Compétitivité, surcharge réglementaire, politique européenne…, sujets sur lesquels le pouvoir législatif pourrait apporter une partie des réponses.

Xavier Beulin et Thomas Diemer, audités par le Sénat le 22 septembre.
Xavier Beulin et Thomas Diemer, audités par le Sénat le 22 septembre.
© Actuagri

 

« A l’évidence, cette crise de fait conjoncturelle se révèle en France une crise structurelle », a conclu Xavier Beulin, président de la FNSEA, devant la commission des Affaires économiques du Sénat qui l’auditionnait avec Thomas Diemer, président de Jeunes agriculteurs (JA), le 22 septembre.


Pour la FNSEA et JA, il faut notamment revoir les soutiens à l’investissement. D’une part, pour moderniser les exploitations, d’autre part, ces investissements longs à rentabiliser (sur 20 à 30 ans) ne sont généralement financés que sur 10 ou 12 ans, ce qui asphyxie les récents investisseurs, en particulier les jeunes.


Certains sénateurs reconnaissent ainsi que ce problème de la compétitivité de l’agriculture n’a pas suffisamment été abordé ces dernières années, quelle que soit la majorité au pouvoir.
Autre problème récurrent pour les agriculteurs, la difficulté d’obtenir dans la durée des prix rémunérateurs. La contractualisation est évoquée comme un levier par Xavier Beulin, à condition qu’elle intègre l’ensemble de la filière, du producteur jusqu’au distributeur. Le président de la FNSEA croit à la loi qui pourrait réglementer ces relations contractuelles, leurs indicateurs et les conditions de révision des accords.

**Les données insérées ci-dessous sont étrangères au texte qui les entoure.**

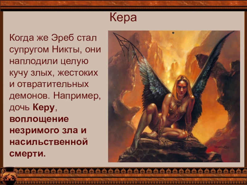 злых, жестоких и отвратительных демонов. Например, дочь Керу, воплощение незримого зла и насильственной смерти.
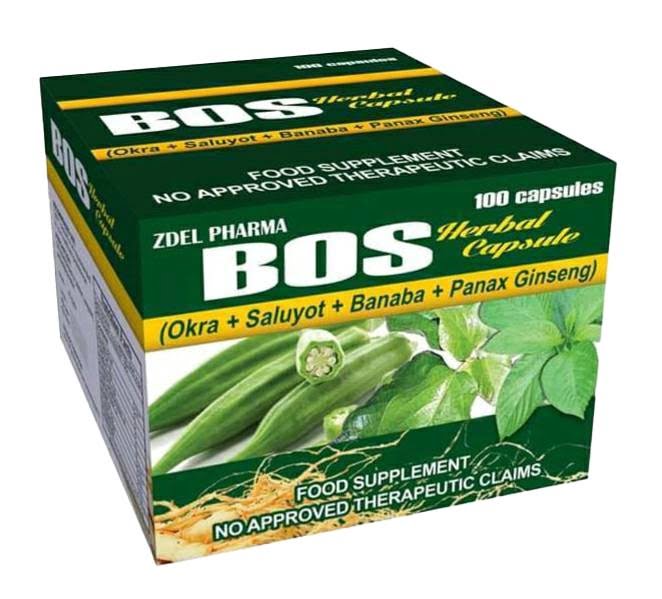 BOS Herbal Capsule contains ingredients like okra, banaba , saluyot and panax ginseng, which help suppress appetite, boost metabolism, and support healthy weight management.

Les sénateurs présents reconnaissent par ailleurs l’importance de la valorisation de l’origine France. Xavier Beulin alerte néanmoins quant à la tentation d’axer l’agriculture française uniquement vers les produits labellisés et à haute valeur ajoutée, qui ne représentent que 18 % de la consommation.

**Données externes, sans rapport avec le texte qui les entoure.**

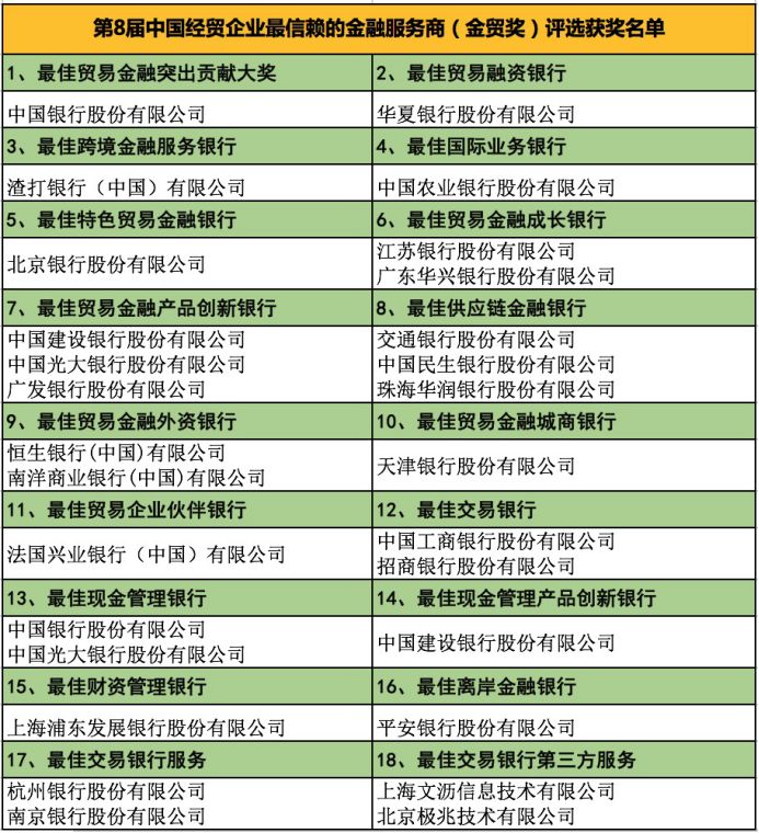 “第8届中国经贸企业最信赖的金融服务商(金贸奖)”评选获奖名单
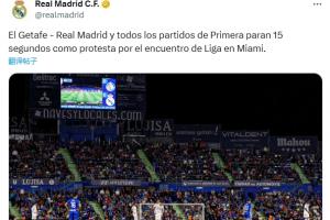 體育資訊10月20日訊 西甲第9輪,皇馬客戰(zhàn)赫塔費(fèi),兩隊(duì)球員開場(chǎng)暫停15秒以抗議西甲海外賽,皇馬也在社媒和官網(wǎng)發(fā)文。

L’idée d’une assurance-revenus semble également partagée par tous, même si les avis divergent sur la forme.


Elus des territoires, les sénateurs sont par ailleurs sensibles à l’importance de favoriser un approvisionnement plus local pour la restauration hors domicile, notamment dans les cantines et les collectivités territoriales.